Dear Diary:

    So week nine of Marn Goes to the Gym and Tortures Her Body ended today and I have the sore glutes (which is gym talk for the buttal region) to prove it.

    Now, if I could only get a visual payoff for all this work. I WANT MY BUBBLE BUTT AND I WANT IT NOW, DAGNABBIT!

    Sure, my jeans are a bit looser and I'm definitely a big plenty stronger than I was, but on the other hand they won't be asking me to co-star with Arnold in the next Terminator movie any time soon.

    It appears that my body has anti-buffness genes built in.

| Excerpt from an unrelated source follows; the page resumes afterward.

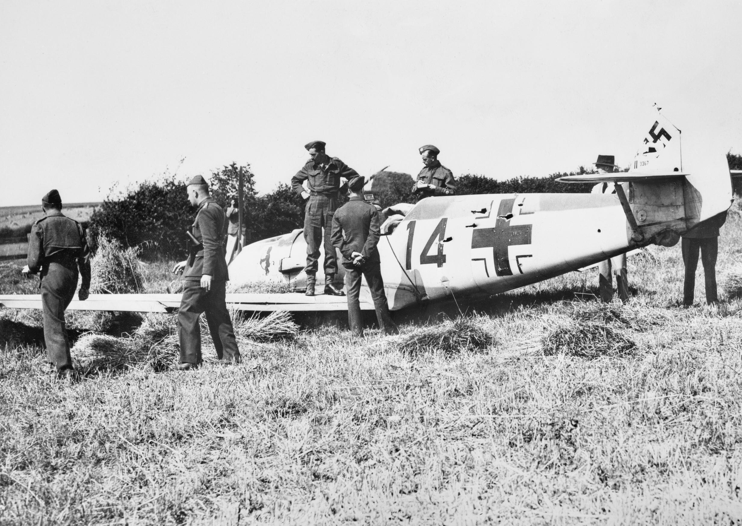 The Battle of Britain 1940 Army officers inspect the wreckage of Messerschmitt Bf 109E-1 (W.Nr. 3367) "Red 14" of 2./JG52, which crash-landed in a wheatfield at Mays Farm, Selmeston, near Lewes in Sussex, 12 August 1940. Its pilot, Unteroffizier Leo Zaunbrecher, was captured.

    I'm trying not to be bitter.

    Oh, but I am, eh.

    Now that the good weather has come, I pretty much have the gym to myself on Mondays, Wednesdays and Friday mornings when I do my two hour workout. My natural affinity group, the middle-aged ladies of dubious fitness, have all disappeared. I suspect that they, unlike me, have lives.

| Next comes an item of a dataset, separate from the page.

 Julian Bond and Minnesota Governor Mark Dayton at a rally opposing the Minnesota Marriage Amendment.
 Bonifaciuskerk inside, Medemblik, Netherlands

    Now all that's left are the hardcore gym people.

    Yep, there's the guys who can bench press their body weight, have a tendency to scratch inappropriate places at inappropriate times, and, um, me. I'm thinking I may have to get me a wife beater tee shirt, some baggy shorts and start scratching if I hope to fit in with my new peers.

    From now on, feel free to think of me as Marn, Stud Muffaletta.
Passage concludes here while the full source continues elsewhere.